Saturday, May 20, 2006

Death and Disease



She was about fifty, a good looking woman. Lived in the better part of Westend in a flat four flights up. I had to go in and get her because she needed help, needed assistance getting down the stairs. She held my arm and we walked down very slowly. She clutched the banister with her other hand, fearful that she might fall. I had to drive her to the doctors.

During the conversation it came out that she was having black-outs and falling over. She had broken her arm in one of the falls. Her legs were bruised. She said her joints ached all the time, and it was painful to make any exaggerated movements, and that was why she shuffled along, only taking the tiniest of steps, creeping forward with very slow movements.
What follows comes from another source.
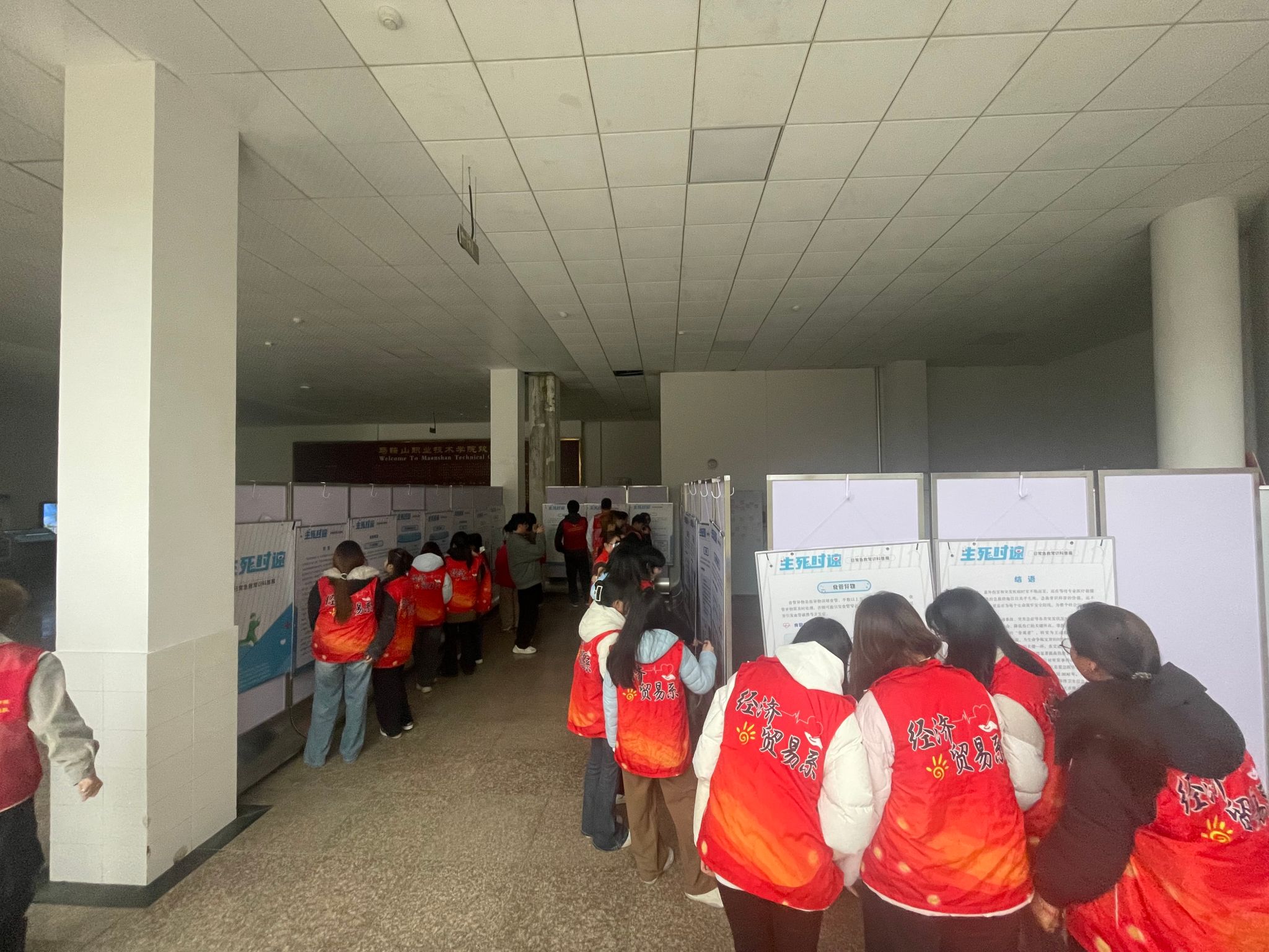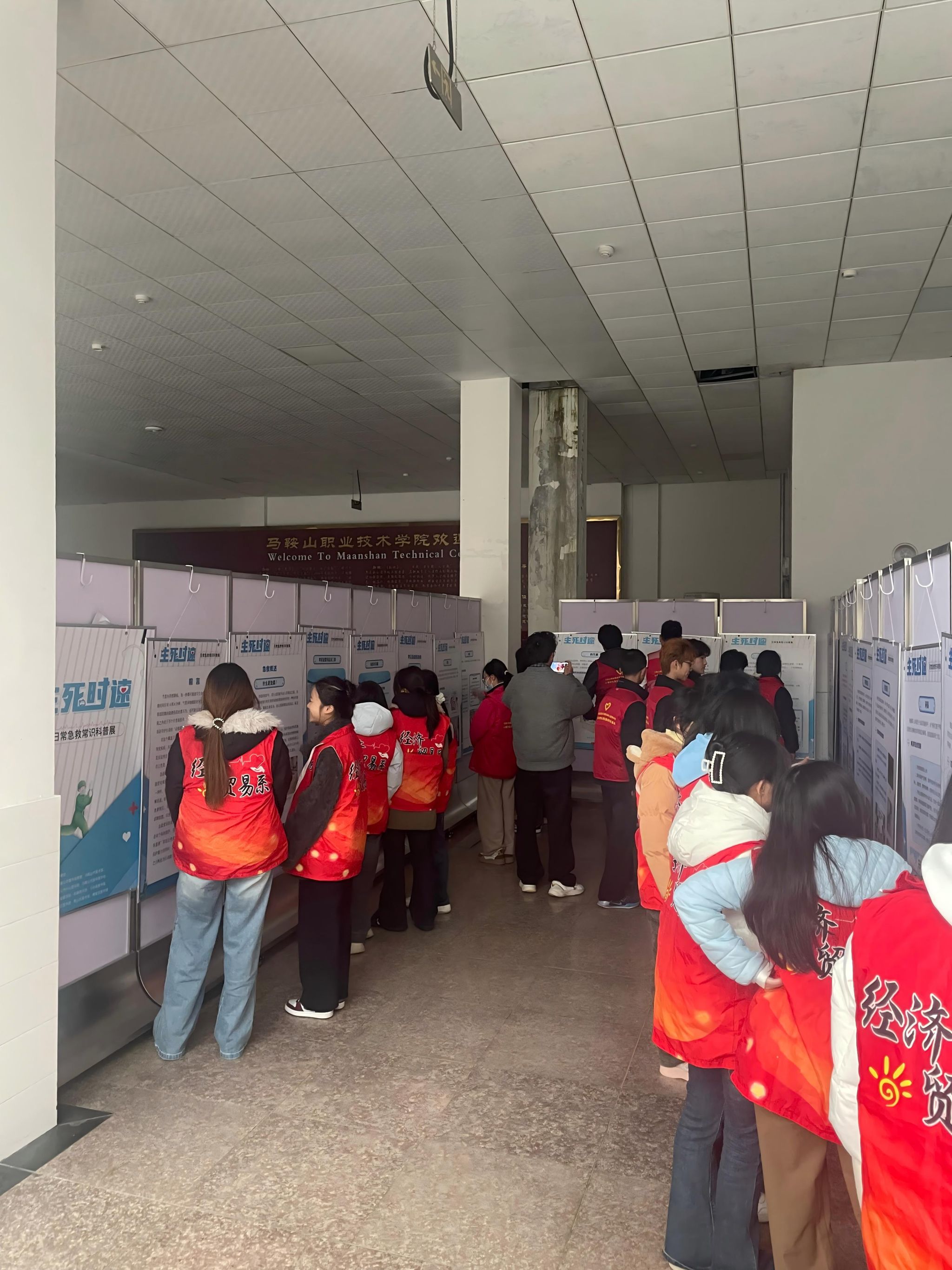 近日,由学院图文信息中心联合马鞍山市图书馆共同举办的“生死时速——日常急救常识科普展”在图书馆大厅开展。展览通过图文展板,向师生系统普及急救理念、常见急症处理及家庭药箱配置等知识,旨在提升师生应急救护能力,助力平安校园建设。

Getting into the front seat of the car took so much time and effort. She gritted her teeth at any movement that placed her body in any new position.

The doctors could find nothing wrong with her. They had run lots of test, but could not find anything that could explain her condition. She had her own idea of what it was that had brought her so low. Nothing more than being bitten by a tick as she had walked through some long grass to pick raspberries that had been so inviting.

She found the bug two days latter, and it had burrowed into her skin. She broke the body off but did not get the head out. The head with the saliva glands. It was two years after that instance, that she had her first blackout, a dizziness, and since then things have become steadily worse.

She thinks she has Lymes disease.

She works as a translator, and had once enjoyed swimming and cycling, but all that was gone now, impossible to do. I told her I had been reading resurection from the Kalevala, and as she left the car I quoted a bit of it to her.

'Rise up out of sleep
get up out of dream
from these evil places,
from
the bed of hard luck!'

Because I had just written it to go along with the photo of Lemminkäinen's mother. It would be fine to have the power to speak out against disease, and release people from the prison of their own bodies and minds.

Monday, May 01, 2006

We are so fragile


Best before 13-4-00
Originally uploaded by HyperBob.
I would say it is a very rare occasion that you meet someone who has had a heart transplant.

I picked up a woman with a broken leg and took her to Meilahti hospital. She had slipped on some ice a few weeks ago, when she was out walking her dog.

At the hospital she was going to have her cast taken off and at the same time they were going to take a sample of her heart muscle to see if there was any deterioration.

Apparently your immune system tries to reject any foreign organ that has been transplated into your body, and she has to keep taking medicine so that her new heart would not wither away.

Before she had the transplant she was confined to a wheelchair, and had great difficulty breathing since the muscles of her old heart were wasting away. She has lived three years with her new heart, and can now walk in the forest without becoming out of breath.

I asked here how she felt about having somebody elses heart in her body, and she replied that it was a thousand times better to be able to walk with a broken leg, than to be imprisoned motionless as an incapacitated invalid in a wheelchair.

There must be a lesson it that story somewhere.